Still, whether it’s because they lack legal status or they don’t know where to go, few workers take action after a labor violation. Neither the state nor Orange County keeps records on the number of wage claims filed by day laborers.
Job centers provide a meeting point for contractors and laborers. The Costa Mesa Job Center, which opened in 1988, draws between 100 and 130 workers each morning. As many as 40 receive work, said Mark Taylor, management analyst of administrative services for the city. That number has remained relatively constant since the center’s opening.
“Over my time here I’ve personally talked to five to seven cities that have wanted to learn more about the center,” Taylor says. “More cities are realizing that day laborers are not just going to go away. It’s not a perfect solution, but it is a way to work with the community.”
Centers in North Hollywood, Harbor City and downtown Los Angeles offer more than just a stop where contractors meet workers. They provide information on worker rights and English classes. Three more are scheduled to open in Los Angeles County this year. Orange County politicians have been more reluctant to spend money on such centers or programs.
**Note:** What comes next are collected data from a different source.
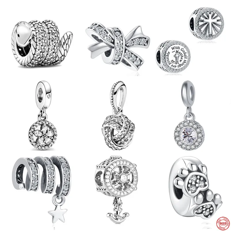 Браслет Собачья лапа из серебра 925 пробы с белыми бусинами-крестиками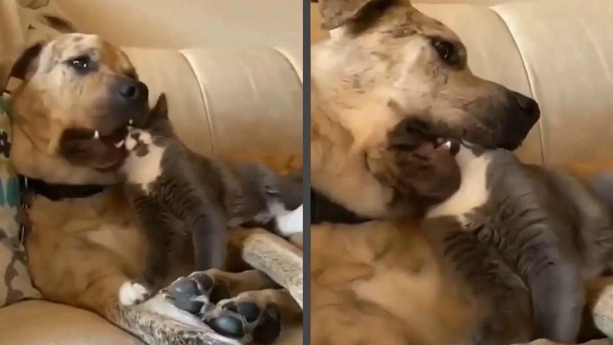 Укротитель псов: кот, засовывающий голову в пасть собаке, напугал Сеть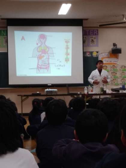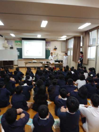 学校薬剤師の吉田先生をお招きして、5年生児童対象で行いました。『くすりの正しい使い方』『「たばこ」はほんとに害があるの?』というテーマでお話を聞かせていただきました。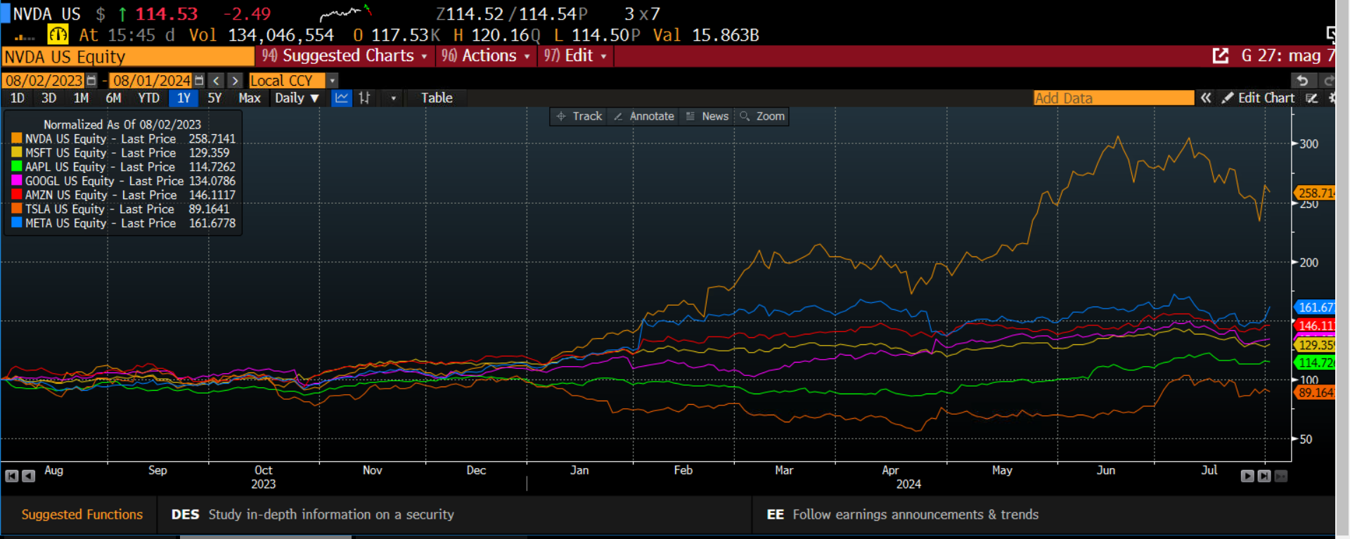 Within the world’s largest tech stocks, Nvidia is by some distance the best performer within the Magnificent 7 over the past 12 months, as you can see below.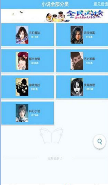 6、上面还会有很多小说主题的分类,用户可以根据分类来选择自己喜欢的小说内容。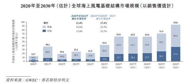 近年来,伴随全球能源转型加速及海上风电项目快速落地,海上风电基础结构市场呈现稳健增长。以销售价值计,全球海上风电基础结构市场从2020年的人民币137亿元稳步攀升至2024年的人民币219亿元,年复合增长率达12.4%。随著各国加速推进能源转型和海上风电项目落地,预计2024年至2030年市场将进入高速扩张期,年复合增长率大幅提升至27.4%,按此增速测算,到2030年,全球海上风电基础结构市场规模有望达到人民币938亿元,较2024年增长约4倍。这一快速增长主要受益于欧洲、中国等主要市场政策推动,以及在2030年碳减排目标压力下,各国政府加大对近深远海风电的技术与资源支持,推动相关开发进程持续加快。未来随著技术进步和规模效应显现,海上风电基础结构市场将持续扩容,为全球能源结构转型提供重要支撑。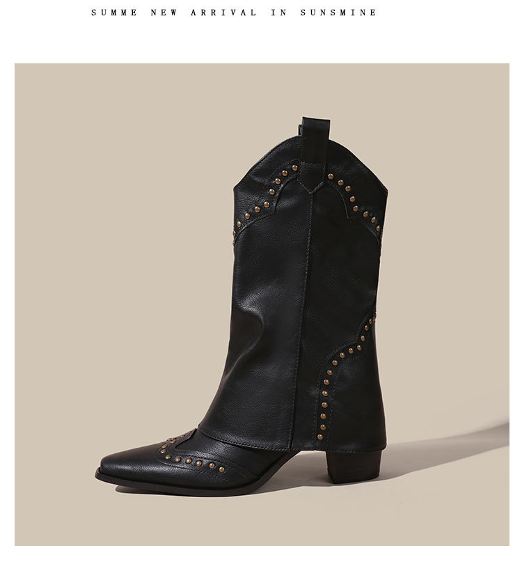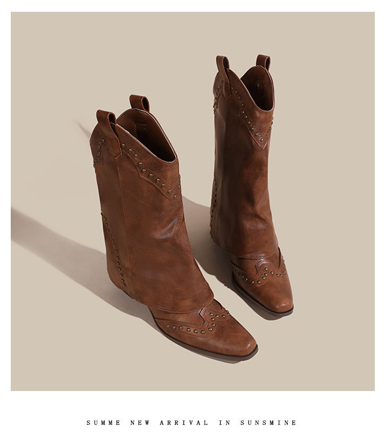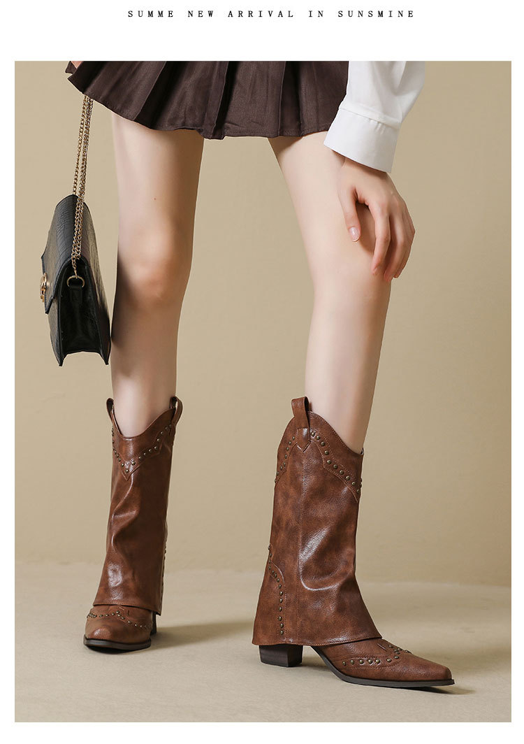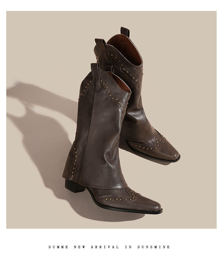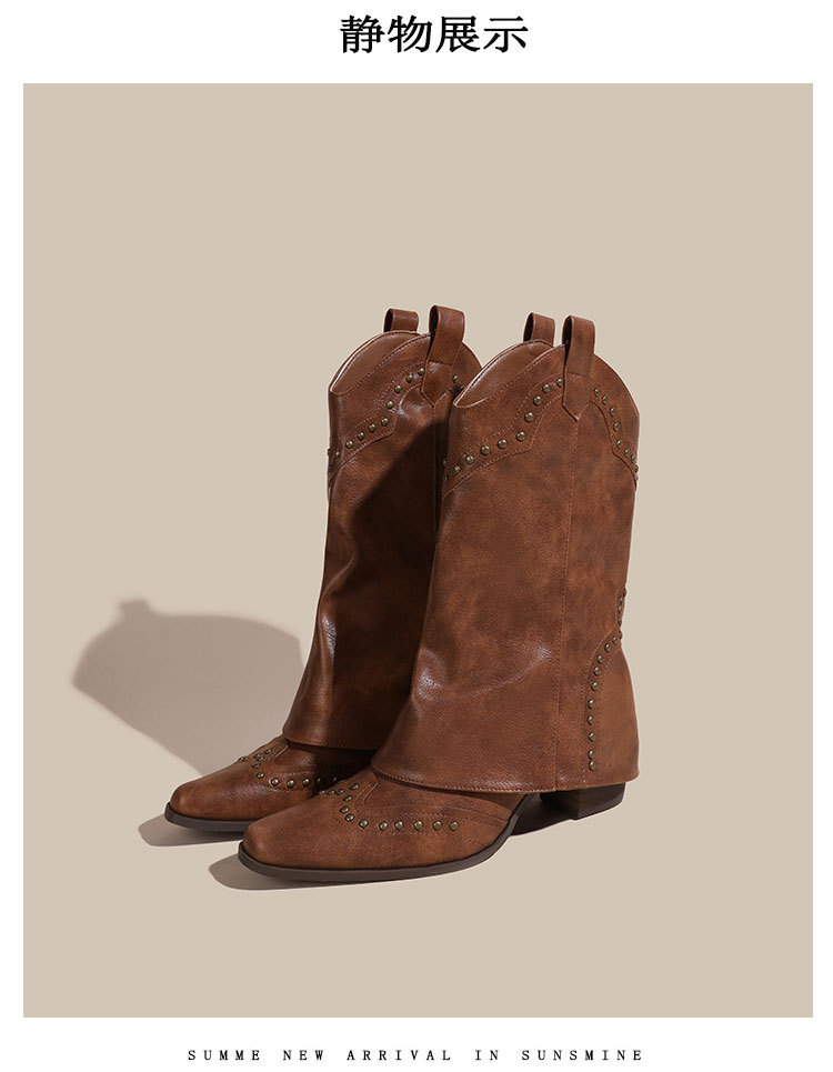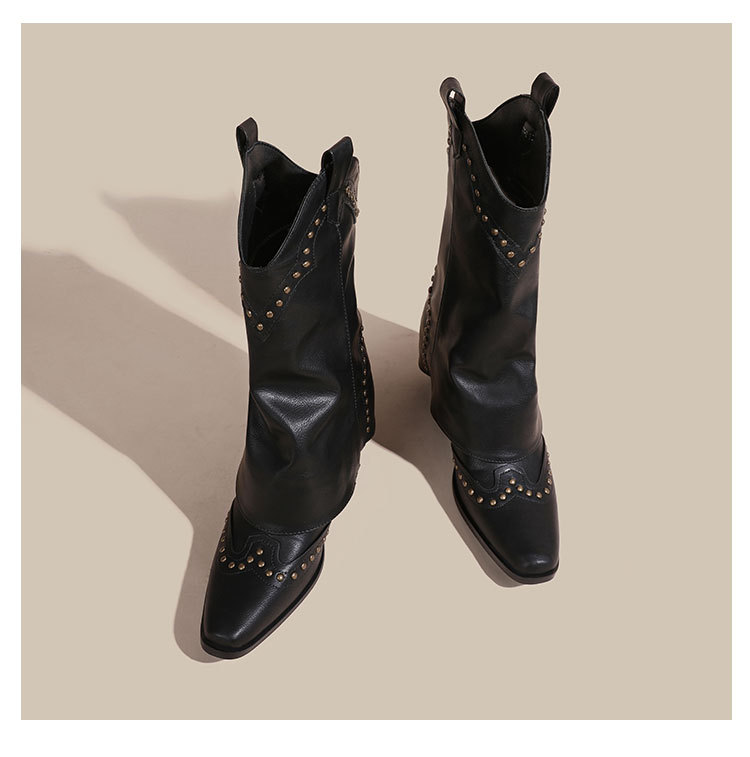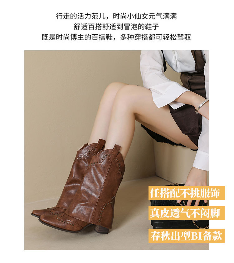 뾰족코 웨스턴 부츠 여성 숏부츠 봄 가을 신상 레트로 브라운 리벳 팬츠부츠 다용도 두꺼운 굽 중간 길이 벨벳 부츠

In Orange County, “people don’t really see the benefits or values,” says Abel Valenzuela, director of the UCLA Center for the Study of Urban Poverty. Many people wish the workers “would just disappear,” he says.
Though the Building Industry Assn. of Southern California did not return calls about contractors’ dealings with day laborers, its website warns builders that knowingly hiring undocumented or falsely documented workers could lead to fines, prison sentences or civil suits. It also lists resources to help Spanish speakers reduce injuries on the job.
It’s important, said Valenzuela, to educate politicians and the community about what the workers face, as well as let the laborers know how to protect themselves.
The workers will be around as long as there are jobs, he says. “If there wasn’t any work, they wouldn’t be out there looking for it.”